They were wrong. And the government is about to be wrong again. The government thinks that defense conversion in the form of small, short term projects won't hurt research at the National Laboratories.

 

The Hand that Rocks the CRADA


The Bell Labs conversion is part of a wholesale flight of American Industry from long term research that has been brought to you by changed economic conditions interacting with securities regulations favoring short term business strategy. We live in the "do it now" culture of immediacy. This originally business culture has pervaded government as well. Congress will "do it now" provided it is politically popular, as is defense conversion.

Now defense conversion of the National Laboratories is currently more like defense destruction, because they are told to "do it now" in the form of relatively small budget, short term Cooperative Research and Development Agreements (CRADAs), which paradoxically, the DOE seems to take forever to approve. A CRADA is a partnership between a private corporation and a National Laboratory in which the corporation and the DOE each put up half the money to pay for some quick D -- development, which results in a few months to a year or two, in some product or process for sale by the corporation.

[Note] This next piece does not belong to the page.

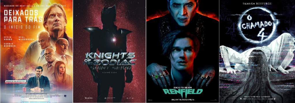 Final de semana prolongado pelo feriado do próximo dia 1º de maio tem as telas recheadas de lançamentos. Para começar o aguardado Renfield – Dando o Sangue pelo Chefe, comédia de terror com Nicholas Hoult (X Men Apocalipse) como o lacaio de Drácula, interpretado por Nicolas Cage. Se preferir um terror mais sério, tem O Chamado 4 – Samara Ressurge. Em meio a vampiros e fantasmas ressuscitados, temos a adaptação live action do anime Os Cavaleiros do Zodíaco – Saint Saya, o drama pós apocaliptico Deixados para Trás : O Início do Fim e o documentário sobre o saudoso Jair Rodrigues – Deixe que Digam. Vamos às telas no circuito:

The destruction comes about because the powers that be can delude themselves into thinking that CRADAs are a substitute for the long-term, stable, mission-oriented research that the National Labs do best. Each CRADA harvests the fruit of decades of research, without providing for planting and raising the next crop of ideas. In other words, if CRADAs become a major mission of the National Laboratories, they will be taken over by the culture of immediacy, of short term projects with a quick payoff, to the detriment of their present corporate culture that enables them to take on long-term, high-risk/high-reward, large-scale research on problems of national or global importance.
But then, there are no such problems, and big science is bad, right? Well, there's a lot of big science behind your telephone, behind the pharmaceuticals you take, behind attempts to cure AIDS and various genetic disorders. And behind all those CRADAs that will help our industry be a little more competitive, to the extent that competitiveness is a function of R&D rather than managerial competence.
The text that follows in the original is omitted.